Not merely patronising

Bishop Victoria Matthews is not merely patronising, she is actually wrong.

Wait, you want me to back up a bit? OK.

The story so far: We’ve been considering the idea of an Anglican Covenant for years and this year the Scottish Episcopal Church decided to reject it and did so in a very clear synodical decision. The Anglican Consultative Council is currently meeting in New Zealand and Bishop Victoria has been making statements about those who can’t agree with the Covenant that are, at best disingenuous. (Which is Anglican for “Completely Wrong and Verging on Deceit”).

Here’s part of the report from the Anglican Communion Office:
Bishop Matthews… was introducing a session on the history and progress of the Covenant as part of the 15th ACC meeting in Auckland.
She stressed the point that it was not the work of IASCUFO [The International Anglican Standing Committee on Unity, Faith and Order] to promote the Covenant, but rather to monitor its reception.
“As we have sought to do that,” she told delegates, “I have often thought that the document people discuss and the actual Anglican Covenant are two different documents.
“One is the document that people have in their mind and the other is the Anglican Communion Covenant on paper. So I really want [people] to read the Covenant and be focused on that. Because often, when people start talking about the Covenant, what they describe in their mind as the Covenant is unrecognisable.”

I have to say that I find the suggestion that we really need to read the actual Covenant quite insulting. No church could have done better at reading the thing than the Scottish Episcopal Church. We’ve discussed it at our annual General Synod over years. We’ve looked at each different version of the text. We’ve discussed it in dioceses. We’ve discussed it in regional councils. Some have discussed it in Vestries and in some places whole congregations looked at it. People preached on it. People studied it. We went over the text itself with a tooth-comb. The Standing Committee discussed and implemented every possible way of discussing the document. We talked about it until people were sick of talking about it. We printed it out so many times that people complained about the environmental impact of the Covenant process.

And then we finally made a decision and the decision was a resounding “No.” We really don’t need to go back and read the text. We read it plenty and we made up out minds very clearly and overwhelmingly.

Bishop Victoria also said, “Remember most of the Covenant reminds us who we are in Christ.”

You know, the predominant thing that we said was not that we were worried about the punitive sections. That was true for very many of us. However the thing I heard people saying again and again was, “This just doesn’t represent who we are”.

The claim that the Covenant reminds us who we are in Christ is a rather foolish one. The Covenant is an imagined identity which we have firmly rejected.

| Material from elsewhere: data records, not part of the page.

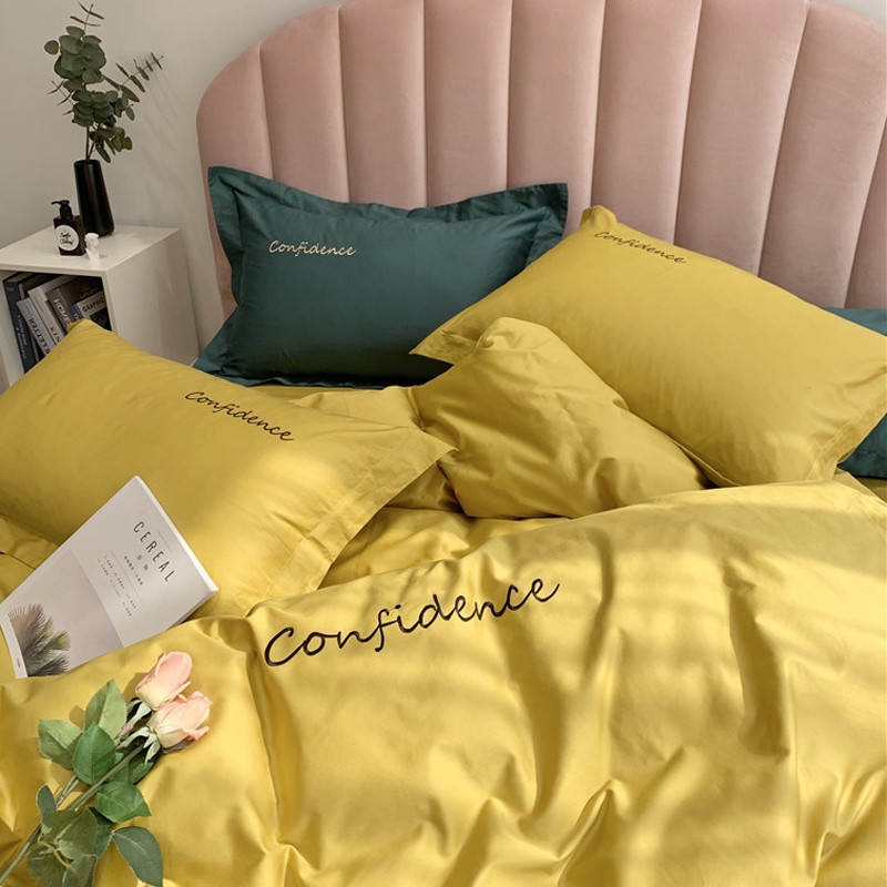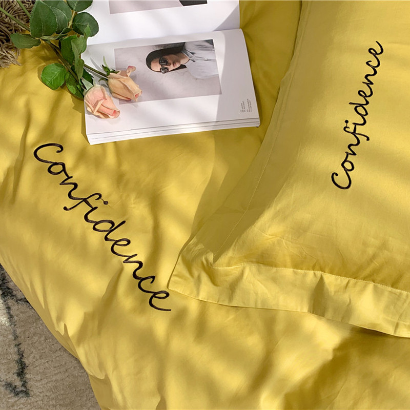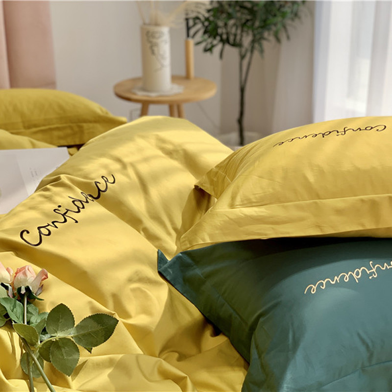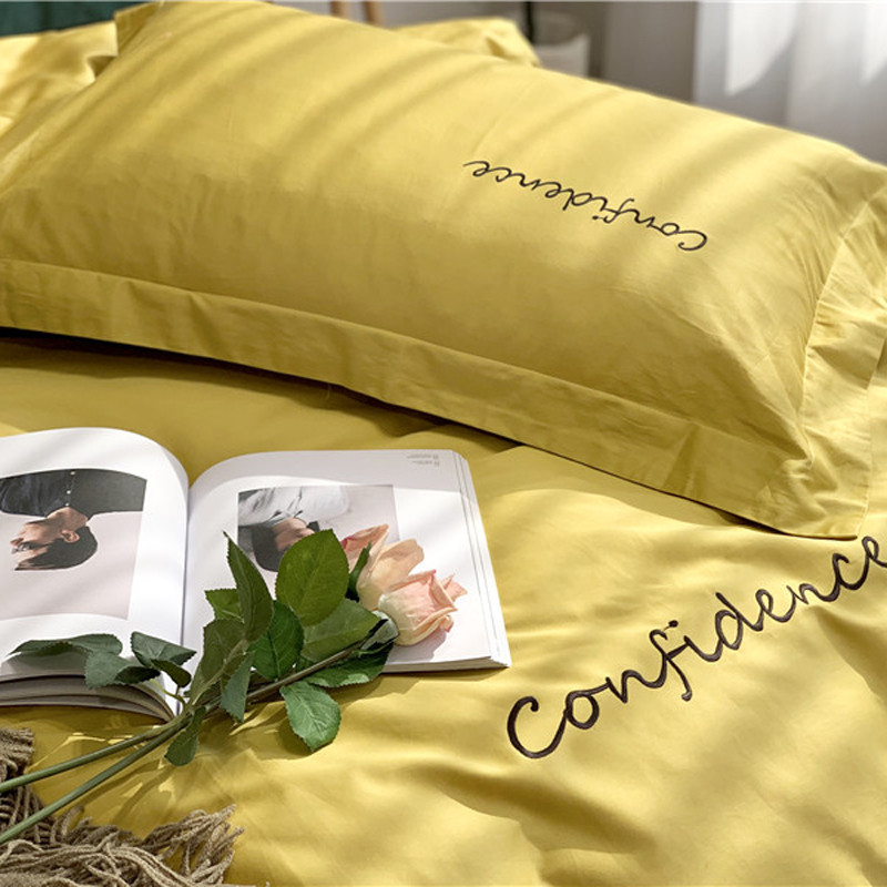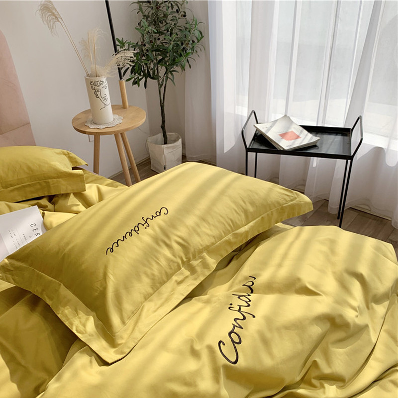 柚子家纺 2020新款100支贡缎澳棉绣花四件套拾色-明黄
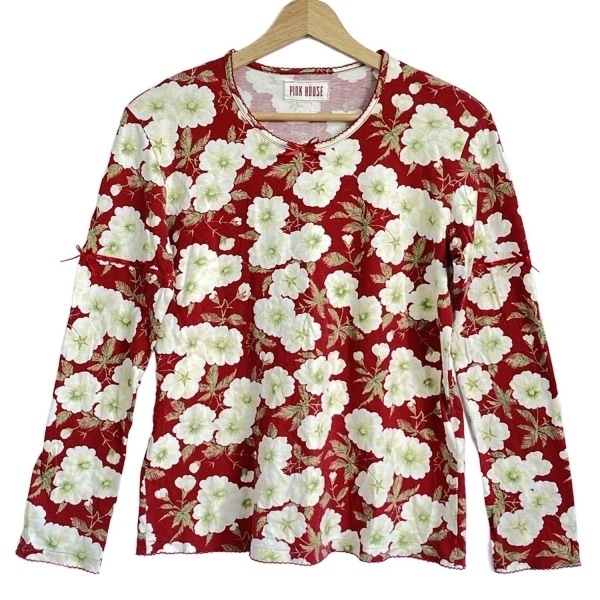 ピンクハウス PINK HOUSE 長袖カットソー サイズL - レッド×白×マルチ レディース 花柄/リボン トップス
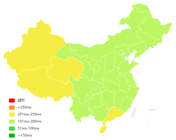 | 西北地区 | 宁夏银川联通 168ms | 新疆乌鲁木齐联通 226ms | 191ms |
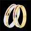 Una fascia in Oro giallo abbracciata da un nastro d'Oro bianco e rosa. Una fede a tre ori moderna ed unica.
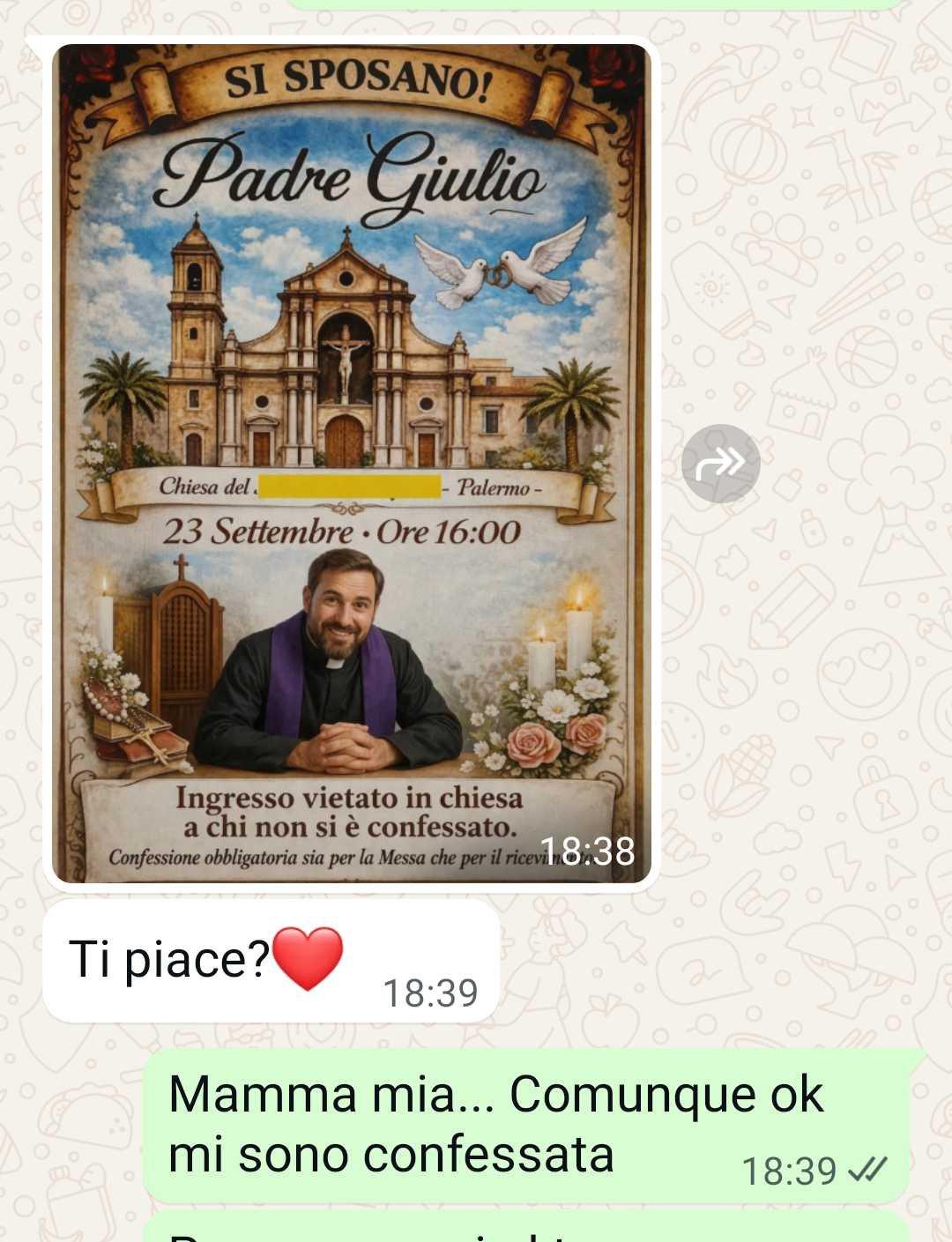 “Mia sorella si sposa e vuole obbligare tutti a confessarsi per entrare in chiesa e al ricevimento. Ho trovato una soluzione per avere capre e cavoli.
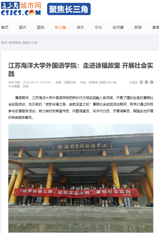 暑假期间,江苏海洋大学外国语学院把新时代文明实践融入各领域,开展了精彩纷呈的暑期社会实践活动,在日前的“续梦徐福之路,启航深蓝之帆”暑期社会实践活动期间,同学们通过积极参与志愿服务活动,努力做好政策宣传员、问题调查员、诉求代办员、矛盾调解员,脚踏实地开展好各类服务事项。
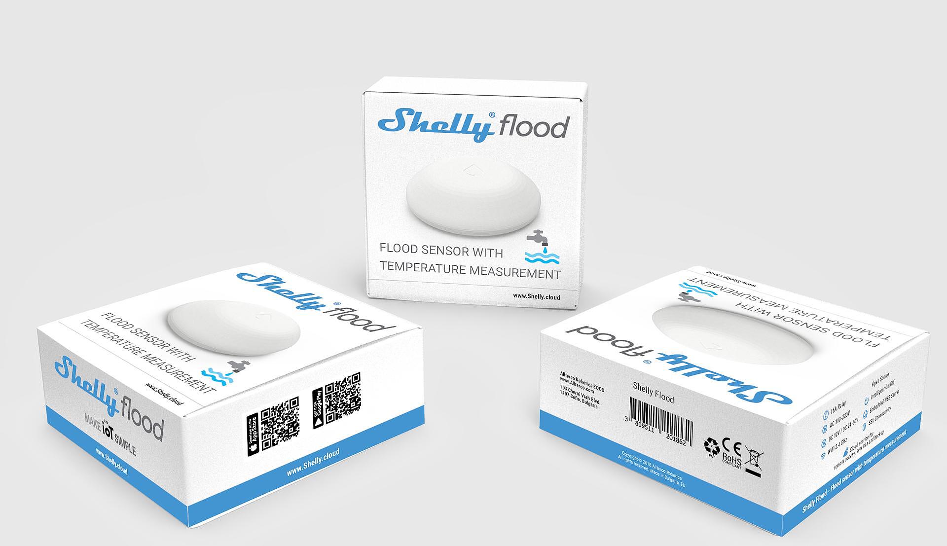 Shelly Flood is WiFi operated flood sensor. Shelly Flood detects for any type of leakage and has a built-in temperature sensor and is the world’s first Wi-Fi Flood sensor with Temperature measurement, working up to 18 months on battery. It has a compact design that fits anywhere. The sensor record all themperature measurements for up to one year, so you can always check the data for your home.

It is certainly patronising of Bishop Victoria Matthews to imply that we in Scotland just have not read the Covanant enough. More than that though, it isn’t true.

She’s just plain wrong.


  1. Bravo, bravo, Kelvin!. I’ve lost count of how many times I’ve read the text of the Anglican Covenant, and, with each rereading, I like it less. Bishop Matthews does indeed insult all of us who have spent time pouring over the odious document and found it wanting. It is just not Anglican. God bless the Scottish Episcopal Church for its brave stand and firm “No”. I was crushed when the Episcopal Church in the US did not stand with the SEC and vote a resounding “No” at its General Convention.

    Our convention “declined to take a position” on the covenant, but the result has been mischaracterized by the reports out of the ACC meeting as having made a “partial decision”. I can say with full confidence that TEC will never, ever adopt the covenant. I’m just sorry that we did not have the backbone to state that truth firmly by vote at GC.

  2. Markus says

    Bp Matthews needs to be shown this:

    Obviously she does not have any clear understanding of the Anglican Communion.